Полисмен опустил голову и уставился на посиневшее исказившееся лицо старика. Потом обратился к санитару:
— Послушайте, приятель, как давно он умер, по-вашему?
— Трудно сказать. Что-нибудь от десяти минут до получаса. Вы вызвали нас сразу, как только нашли тело? — спросил у меня санитар. — Ваш вызов поступил в три пятнадцать.
— Сперва я послушал, бьется ли у него сердце. Потом втащил сюда, накрыл одеялом. После этого спустился вниз и позвонил вам.
— Вы пытались привести его в чувство?
— Нет, не пытался.
— Почему?
В вопросе санитара не было придирки. Был очень поздний час, он, конечно, устал и спросил лишь для проформы.
— Мне не пришло в голову.
— Уж очень многое не приходило вам в голову, — мрачно заметил полисмен. Подобно санитару, он также вел себя по установленному распорядку, в который входило и подозрение. Однако, по существу, все это было ему безразлично и даже, казалось, давно надоело.
— Что ж, давайте мы заберем его, — предложил санитар. — Нет смысла зря терять время. Когда свяжетесь с его семьей, — снова обратился он ко мне, — узнайте, как они собираются хоронить его, и сообщите в морг.
— Сейчас же отправлю телеграмму в Чикаго, — пообещал я.

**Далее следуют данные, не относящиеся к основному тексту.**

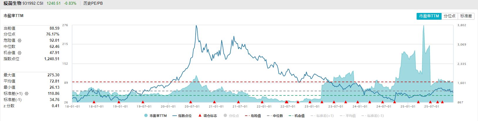 中证疫苗与生物技术指数是选取不超过 50 家业务涉及疫苗研发、疫苗生产、疫苗耗材、疫苗生产设备以及其他生物科技领域上市公司证券作为样本,目前成分股数量是 43 只,平均市值约 205 亿元。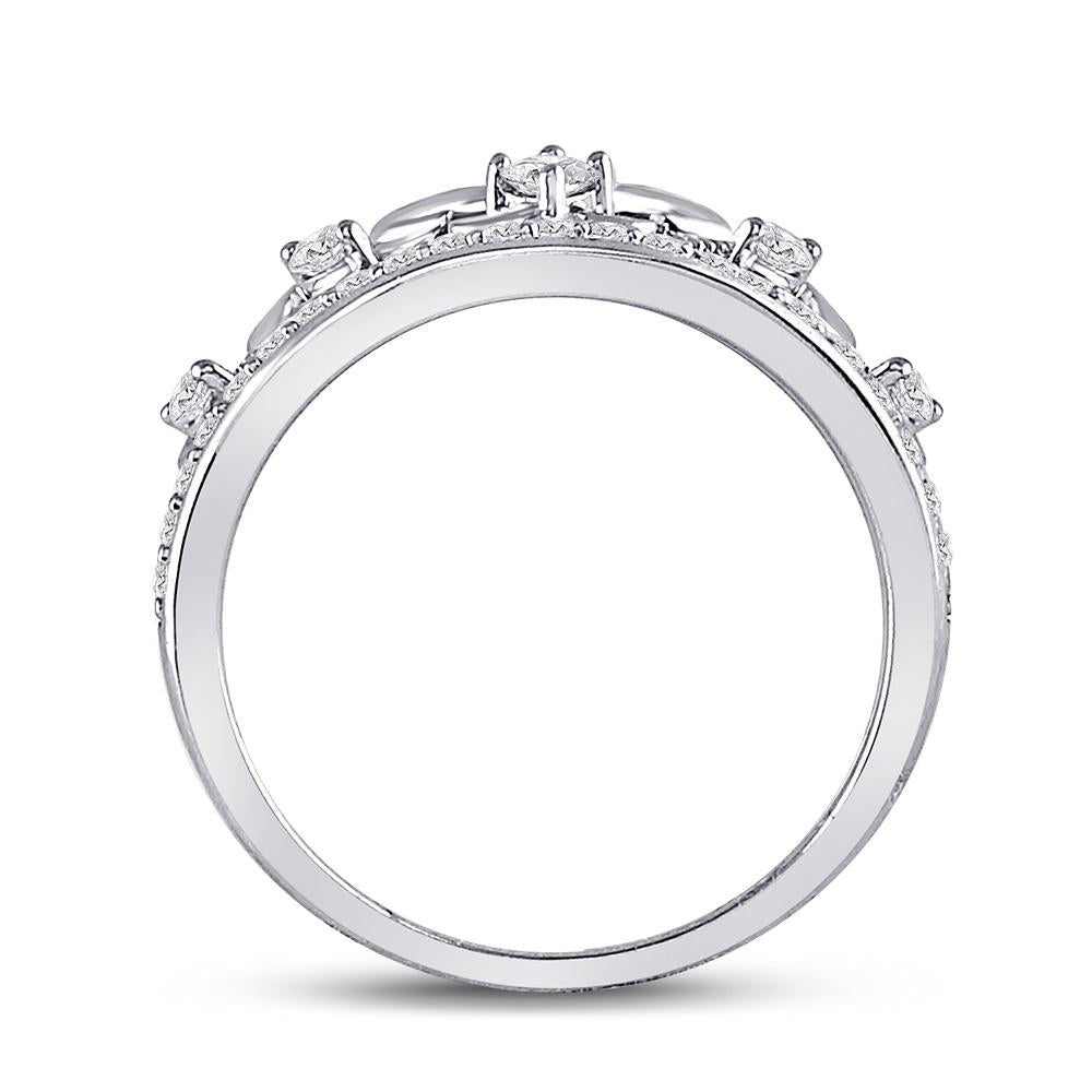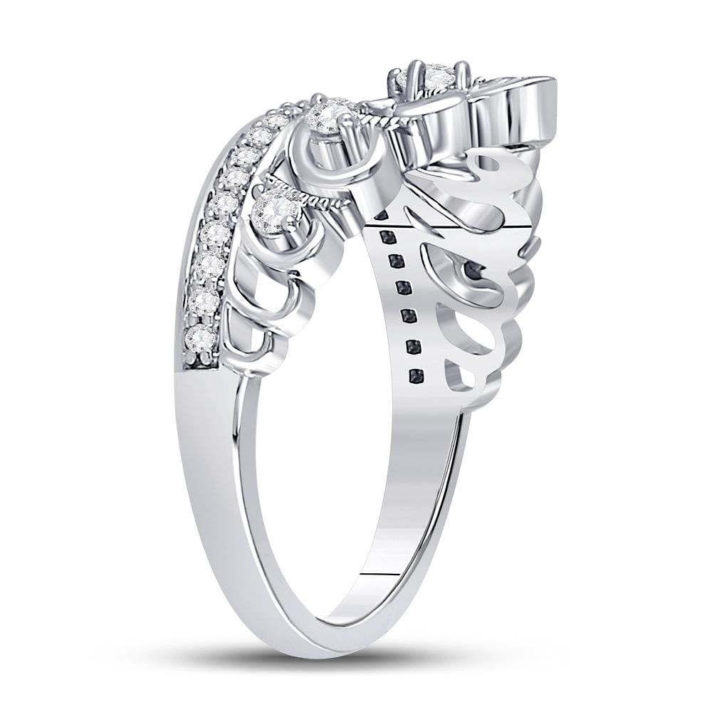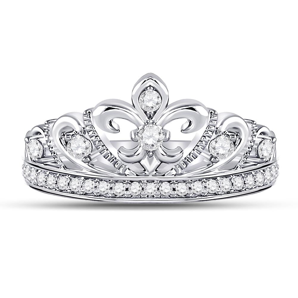 10kt White Gold Womens Round Diamond Fleur-de-lis Crown Ring 1/3 Cttw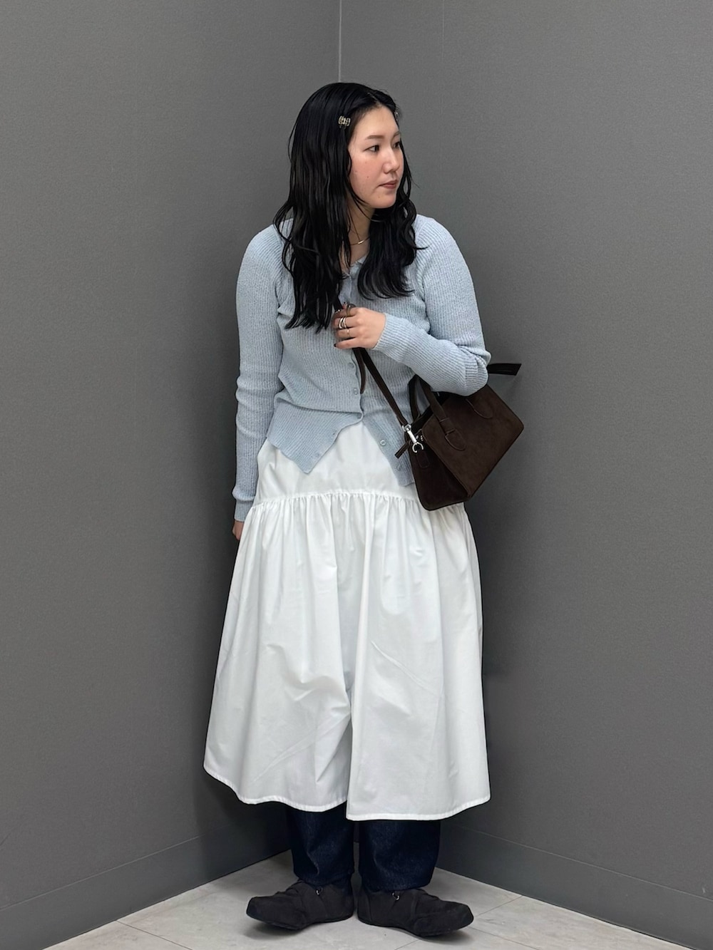 レディライクなアイテムなのでデニムに重ね着してレイヤードスタイルに📚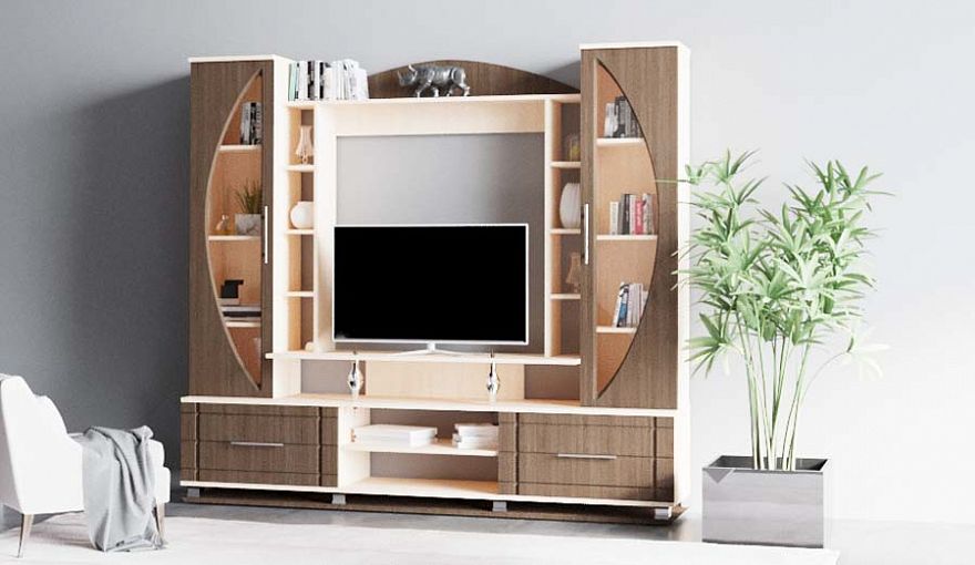 Гостиная Раунд 3 BMS станет центром запоминающегося современного интерьера. Стильная геометричная композиция в контрастных древесных тонах отличается компактными размерами и подходит для меблировки как просторных, так и небольших помещений. Широкая низкая тумба для аппаратуры с подставкой под ТВ дополнена распашными витринами, мини-стеллажами и открытой межсекционной полкой для книг и предметов декора. Стеклянные вставки на фасадах и задняя стенка полки эффектно скруглены. Купить гостиную Раунд 3 BMS вы сможете в нашем интернет-магазине.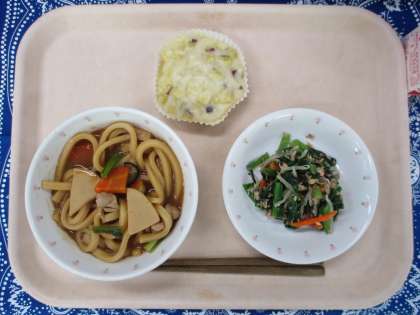 10/19(木) 本日の給食 公開日 2023/10/19 更新日 2023/10/19 給食 みそ煮込みうどん 牛乳 鬼まんじゅう 野菜ののり酢あえ 主な食材と産地 鶏肉 宮崎県 にんじん 北海道 ねぎ 青森県 さつまいも 千葉県 もやし 群馬県 こまつな 東京都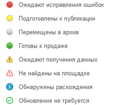Отслеживать текущее состояние товаров маркетплейса удобно в форме списка товаров к публикации. Данная форма является основной для управления товарным каталогом. В ней доступен просмотр текущего состояния товаров маркетплейса (их статуса, цен, остатков), а также работа с позициями с ошибками.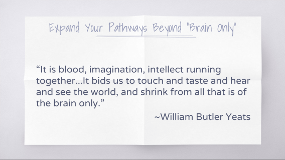 A school is a place that seems to serve a “brain only” idea, and it can be our job to figure out how to weave the other parts of learning to the surface. Poetry allows us to expand our thinking beyond a “brain only” idea and opens us up to really see and really experience the world.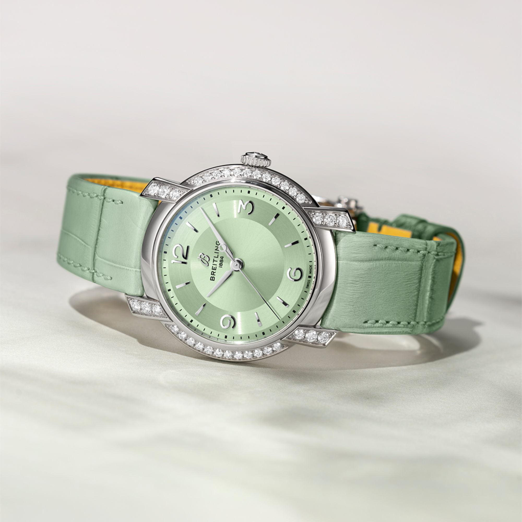 Ref. A10310671L1P1 - In den 1940er-Jahren führte Willy Breitling die Linie Premier ein und machte den Chronographen von einem Präzisionswerkzeug zu einem Ausdruck von Stil, mit raffinierten Materialien, eleganten Details und sogar einem der ersten Chronographen, die speziell für Frauen entworfen wurden. Später wurde seine schicke und charismatische Frau Beatrice zu seiner Muse und zu einer bestimmenden Kraft in der kreativen Ausrichtung der Marke.Nun ist die Zeit gekommen, diese ungekünstelte Eleganz mit der neuen Lady Premier in die Neuzeit zu übertragen. Skulpturale Silhouetten, strahlende Farbtöne und kaskadierende Diamanten definieren die verspielte und dennoch gehobene Designsprache.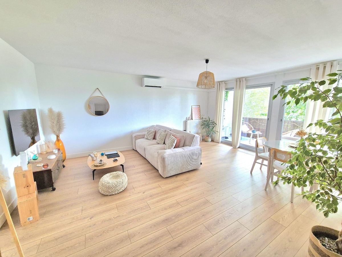 Stay in this large, bright and comfortable apartment, located in Bordeaux in the municipality of Bruges. 2 minutes from Bordeaux Lac beach, the sailing school and the ring road. Close to the Matmut stadium, the Parc des Expositions and the Bordeaux Lac Shopping Centre. Enjoy a neighbourhood well served by bus and tram, with all amenities nearby (bakery, restaurant, pharmacy, physiotherapist, beautician, and Calicéo). For a relaxing or professional stay!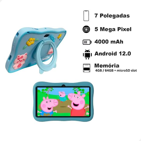A Tablet Kids 7 Polegadas é a escolha ideal para crianças que buscam um mundo de diversão e aprendizado. Com um design atrativo na cor rosa, este dispositivo vem equipado com um sistema operacional Android 12.0 e uma capacidade de armazenamento de 64 GB, proporcionando espaço suficiente para jogos educativos e aplicativos interativos. Com uma tela de 7 polegadas, a tablet oferece uma experiência visual imersiva, perfeita para assistir a vídeos no YouTube e explorar a Play Store de maneira segura e controlada. Sua conectividade é facilitada pelo Wi-Fi e suporte à tecnologia 5G, garantindo acesso rápido à internet e a todas as suas funcionalidades. A tablet conta com 4 GB de memória RAM, permitindo que várias tarefas sejam realizadas simultaneamente sem travamentos. Além disso, possui uma câmera frontal e uma traseira, permitindo que as crianças se conectem e compartilhem momentos especiais com amigos e familiares. Desenvolvida pensando no público infantil, a Tablet Kids inclui uma caneta touch para facilitar a interação. É uma ferramenta excelente que estimula a criatividade e o aprendizado, tornando o uso de tecnologia algo divertido e acessível para os pequenos.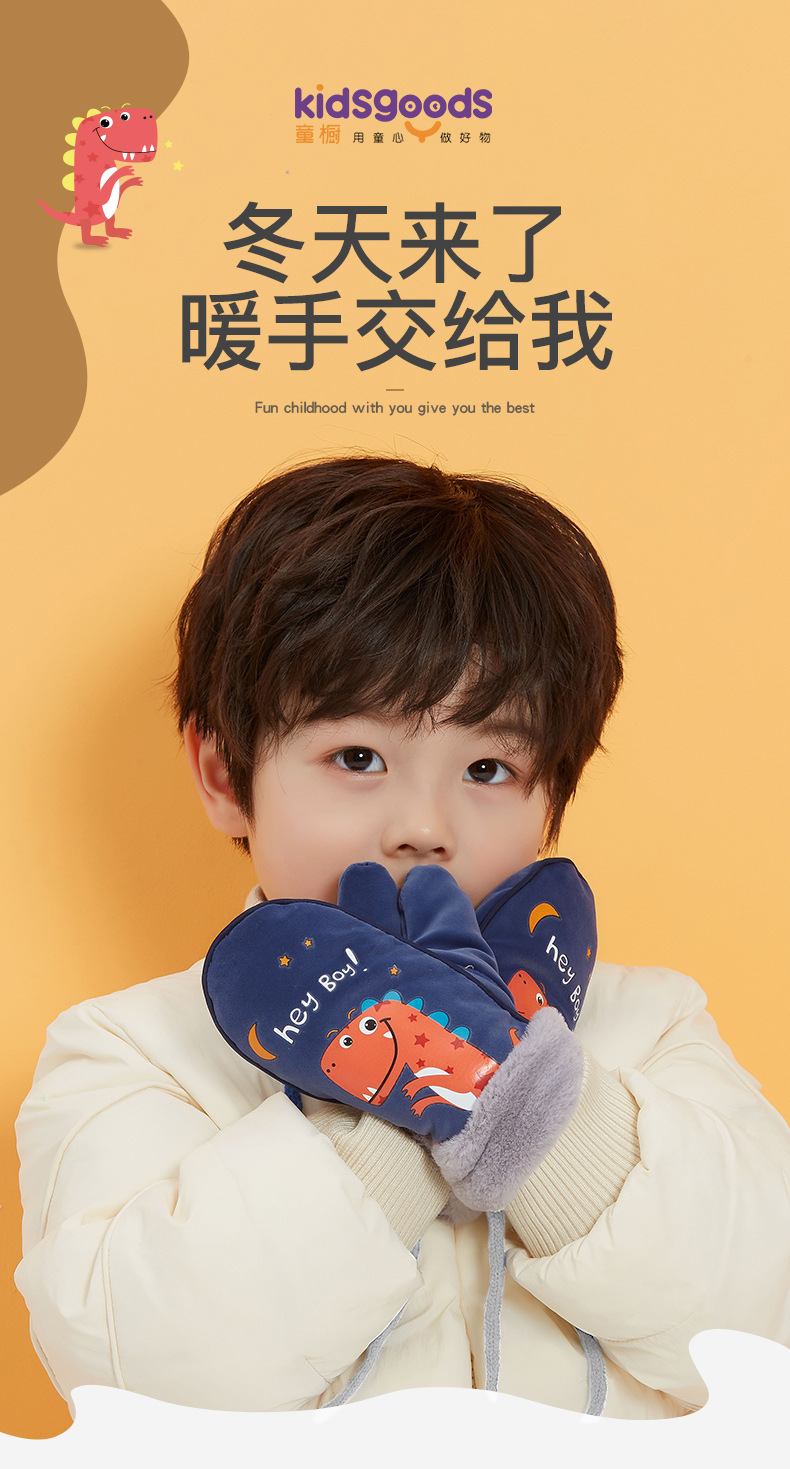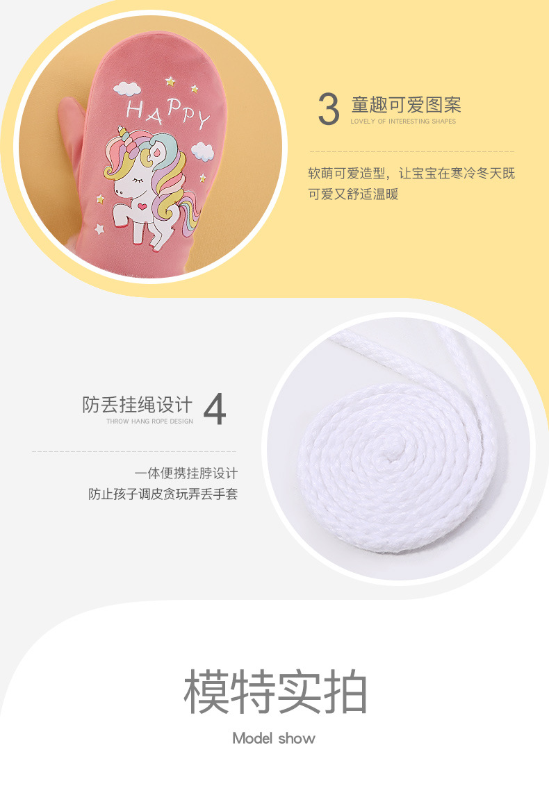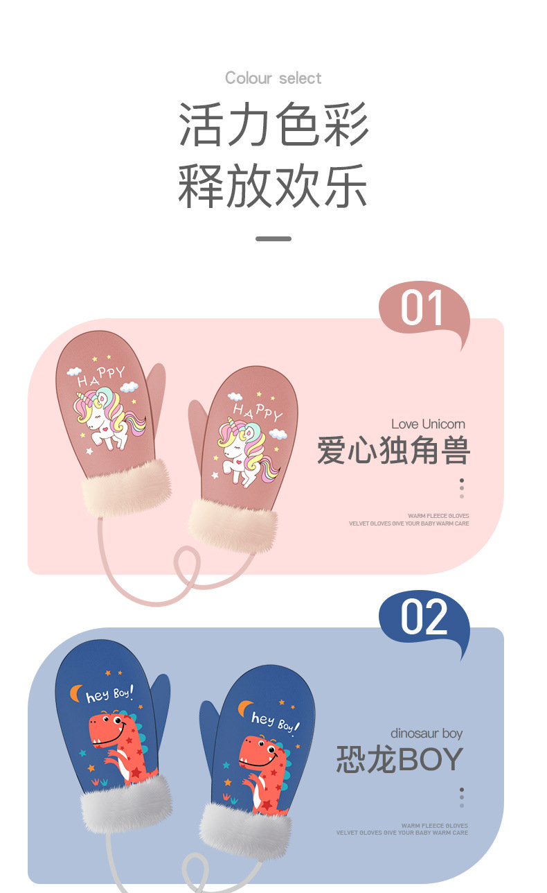 【亲肤保暖!加绒加厚儿童手套】户外防风防冻,挂绳防丢保护!立体卡通图案设计,萌趣可爱到犯规!全指3-12岁冬季男童女童宝宝手套-QQ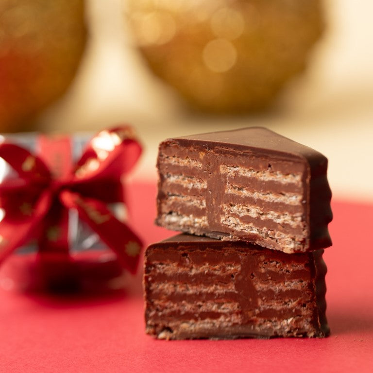 O Waffer Presentinho Meio Amargo é um mimo natalino sofisticado. Um waffer crocante de chocolate meio amargo, recheado com cremoso gianduia de avelãs, cuidadosamente embalado como um presentinho de Natal.
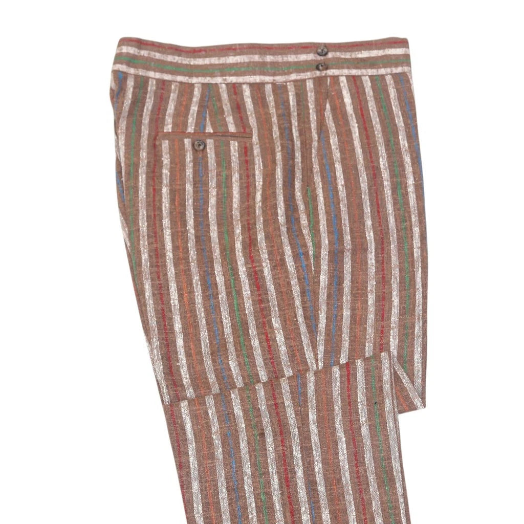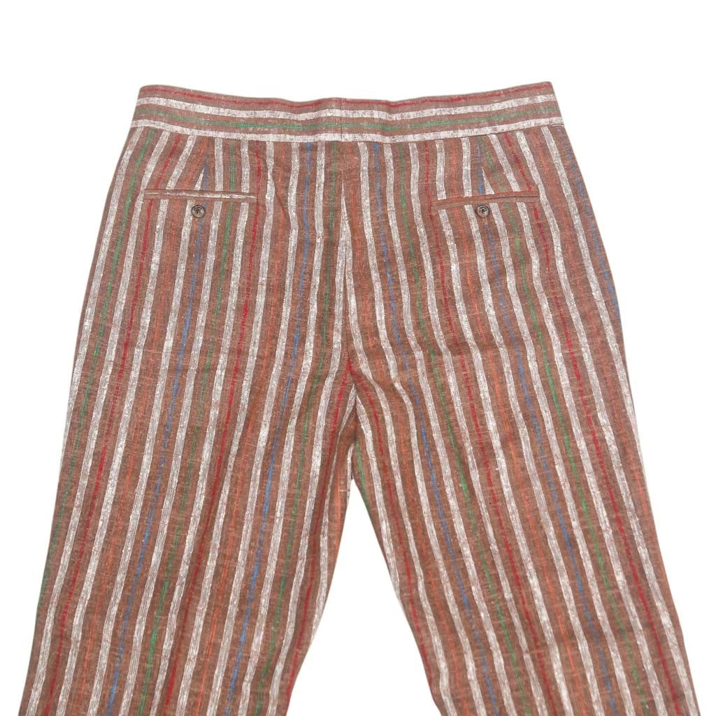 The standout feature is the high-rise cummerbund waistband, finished with extended tab closures that sculpt the waist and add architectural structure to your silhouette. Discreetly placed suspender buttons offer an additional layer of classic refinement and versatile styling. Designed with a straight fit, these trousers create a clean, elongating line that flatters without restricting movement. The brown base layered with a multicolor striped print makes a powerful impression—sophisticated, artistic, and unapologetically bold.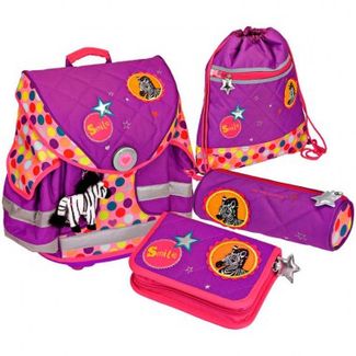 Классный комплект из школьного ранца и школьных принадлежностей европейской марки Bunte Punkte 11407 сиреневый. В одном стиле собраны: школьный рюкзак с ортопедической спинкой пенал на молнии 2013,53 пенал на молнии мягкий мешок для обуви 36*38 Кроме яркого внешнего вида, можно отметить качество Bunte Punkte. Вес ранца без наполнения 1,2 кг, с наполнением 2,060 кг. None Возможен самовывоз.

Санитар и шофер «скорой помощи» уложили тело на носилки.
— Тяжеленный, сукин сын, — заметил шофер. — Жрал, видно, в три горла, старый козел. Ишь ты, голым приставал к бабенке. И хоть бы было чем!
Завернув труп в простыню, они пристегнули его ремнями к носилкам. В лифте носилки пришлось поставить почти стоймя, иначе они не помещались.
— Беспокойная была ночь? — спросил я санитара, когда мы спускались в лифте.
— Четвертый вызов, — ответил он. — Могу поменяться с вами работой.
— Ну да, охота вам просиживать ночи напролет за счетной машинкой, когда скоро вы начнете загребать денежки. В газетах вон пишут, что врачи у нас зарабатывают больше всех.
— Боже, услышь это и благослови Америку, — воскликнул санитар, выходя из лифта.
Я открыл им парадную дверь и глядел, как ловко они поставили носилки с телом в санитарную машину. В патрульной машине второй полисмен крепко спал за рулем, негромко посапывая. Завыла сирена, и «скорая помощь» быстро скрылась из виду.
— Какого черта они торопятся? — сказал полисмен, стоявший рядом со мной на ступеньках.